▸ SUPPLIED MATERIAL
----

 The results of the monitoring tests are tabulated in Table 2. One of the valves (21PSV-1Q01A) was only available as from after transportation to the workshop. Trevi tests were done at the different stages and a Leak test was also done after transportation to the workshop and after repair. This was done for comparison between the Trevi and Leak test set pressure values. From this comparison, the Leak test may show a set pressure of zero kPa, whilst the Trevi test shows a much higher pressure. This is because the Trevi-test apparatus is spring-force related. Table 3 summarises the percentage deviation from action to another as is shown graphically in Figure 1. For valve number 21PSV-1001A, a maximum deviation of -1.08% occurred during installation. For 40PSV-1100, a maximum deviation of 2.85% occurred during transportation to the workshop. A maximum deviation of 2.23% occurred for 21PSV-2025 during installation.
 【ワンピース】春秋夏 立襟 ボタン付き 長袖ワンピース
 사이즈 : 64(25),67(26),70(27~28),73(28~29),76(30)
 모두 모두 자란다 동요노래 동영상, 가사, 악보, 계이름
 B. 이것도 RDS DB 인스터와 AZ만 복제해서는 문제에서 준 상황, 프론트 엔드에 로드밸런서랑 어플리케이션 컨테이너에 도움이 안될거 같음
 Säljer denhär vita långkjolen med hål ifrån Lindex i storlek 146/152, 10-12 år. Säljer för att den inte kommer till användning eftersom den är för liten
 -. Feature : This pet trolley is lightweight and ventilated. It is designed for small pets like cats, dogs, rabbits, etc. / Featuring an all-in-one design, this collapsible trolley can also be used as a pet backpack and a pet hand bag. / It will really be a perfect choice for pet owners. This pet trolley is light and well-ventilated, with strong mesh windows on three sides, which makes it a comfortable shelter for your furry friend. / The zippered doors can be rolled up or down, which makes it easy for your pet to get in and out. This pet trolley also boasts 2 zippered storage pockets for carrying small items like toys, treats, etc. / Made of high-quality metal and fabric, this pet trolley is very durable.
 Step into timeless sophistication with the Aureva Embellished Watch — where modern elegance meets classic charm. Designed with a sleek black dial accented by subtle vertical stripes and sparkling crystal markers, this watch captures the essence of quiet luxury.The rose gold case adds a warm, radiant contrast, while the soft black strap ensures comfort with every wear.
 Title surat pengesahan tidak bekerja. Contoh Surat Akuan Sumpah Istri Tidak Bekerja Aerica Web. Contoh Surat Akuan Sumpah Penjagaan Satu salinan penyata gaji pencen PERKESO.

----

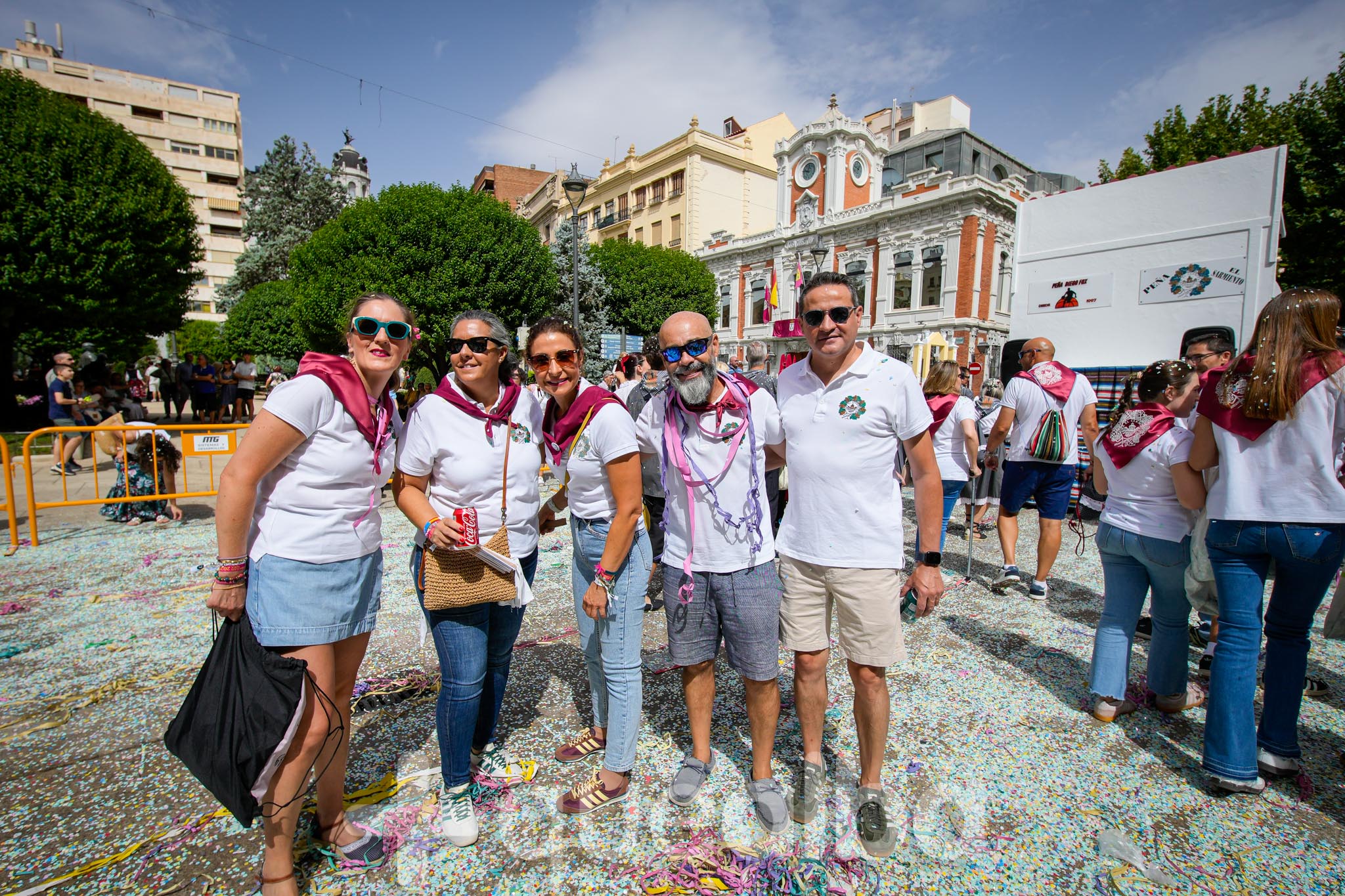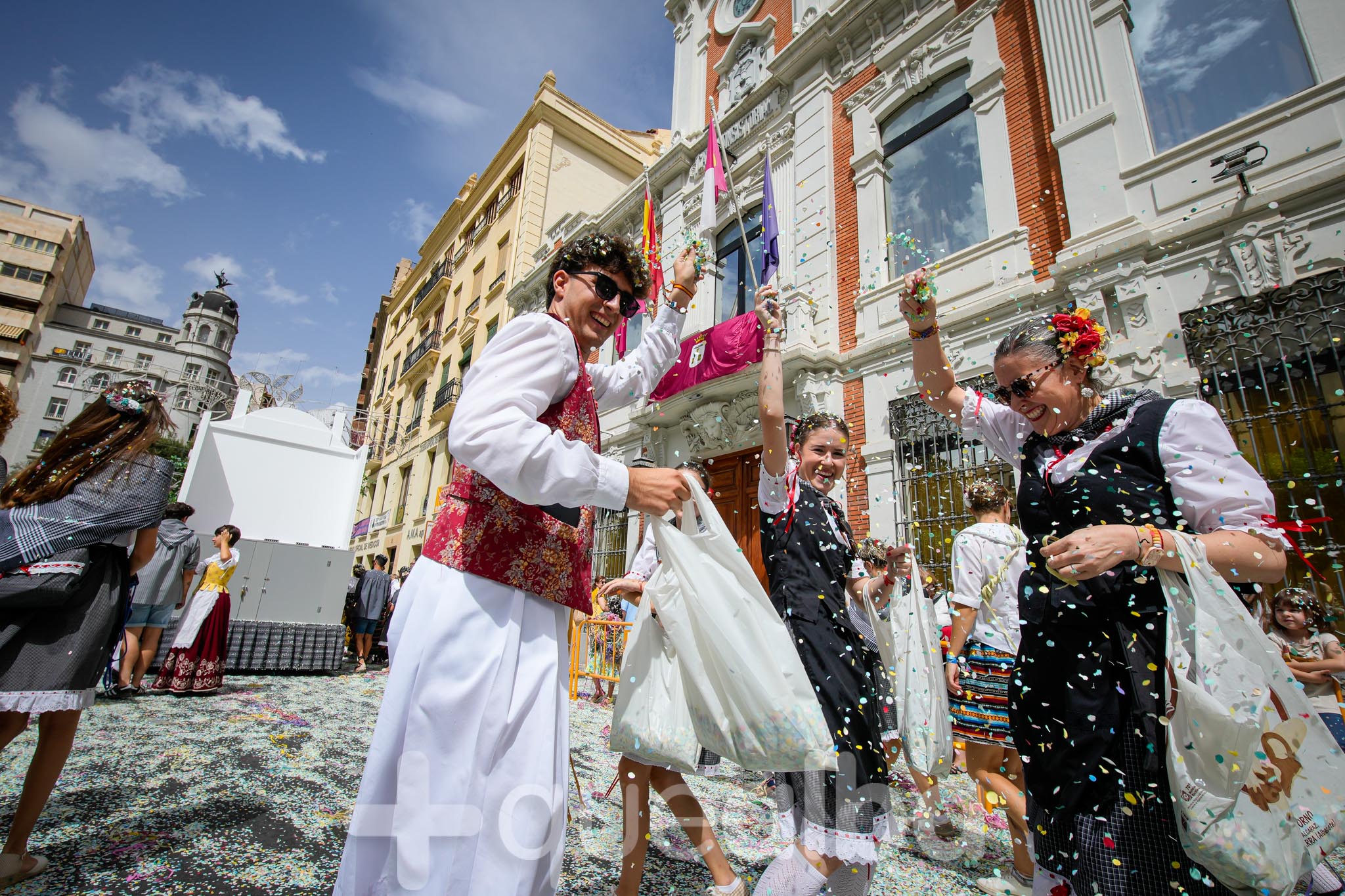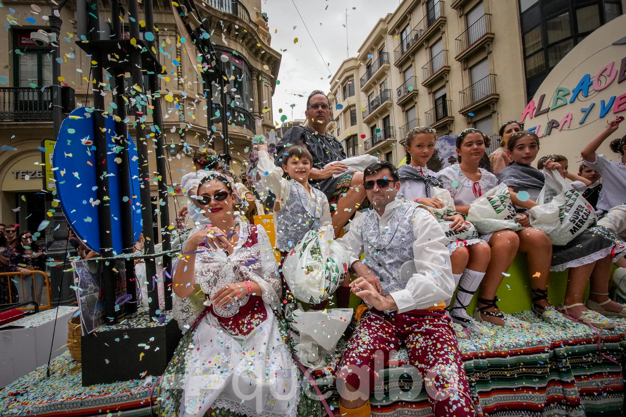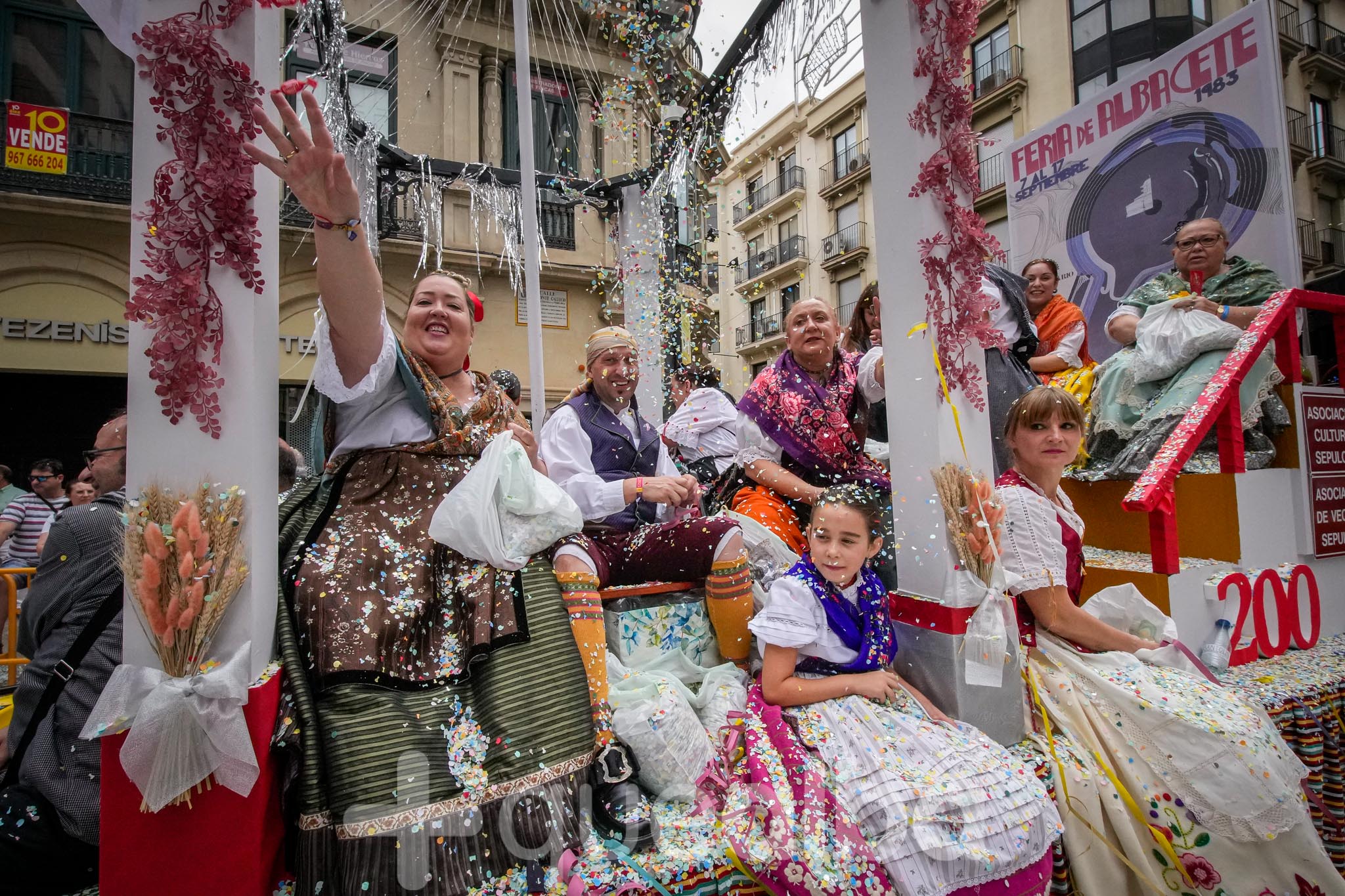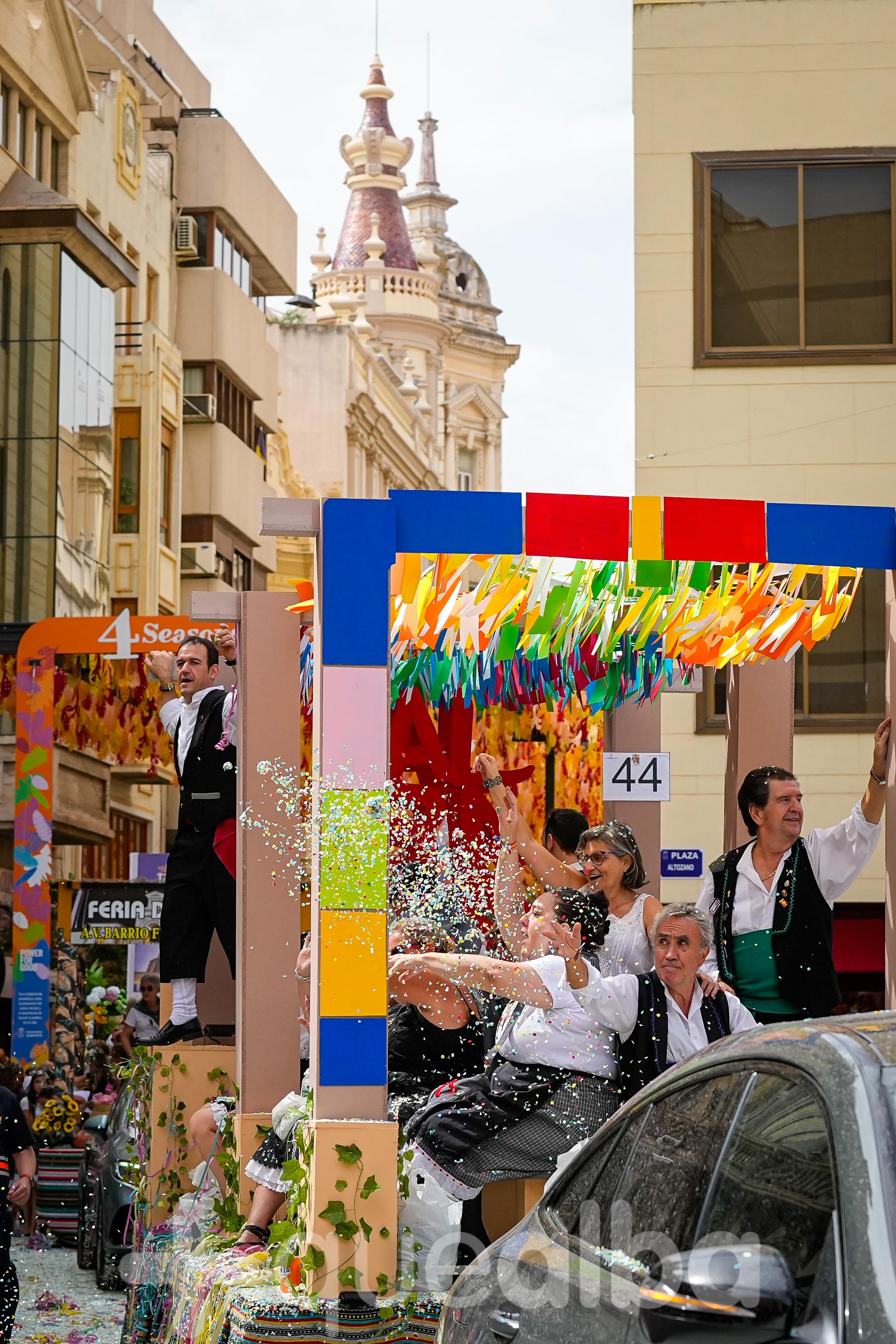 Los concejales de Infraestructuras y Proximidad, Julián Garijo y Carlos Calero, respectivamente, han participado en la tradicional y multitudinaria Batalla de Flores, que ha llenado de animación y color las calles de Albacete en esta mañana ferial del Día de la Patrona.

----

▸ WHAT IS REQUIRED
Taking the lines above, repeat exactly those from the line that contains "立襟 ボタン付き 長袖ワンピース" through the line that contains "Säljer denhär vita", and both of those lines as well. Include nothing else.

▸ SOLUTION FOR THIS PROBLEM
 【ワンピース】春秋夏 立襟 ボタン付き 長袖ワンピース
 사이즈 : 64(25),67(26),70(27~28),73(28~29),76(30)
 모두 모두 자란다 동요노래 동영상, 가사, 악보, 계이름
 B. 이것도 RDS DB 인스터와 AZ만 복제해서는 문제에서 준 상황, 프론트 엔드에 로드밸런서랑 어플리케이션 컨테이너에 도움이 안될거 같음
 Säljer denhär vita långkjolen med hål ifrån Lindex i storlek 146/152, 10-12 år. Säljer för att den inte kommer till användning eftersom den är för liten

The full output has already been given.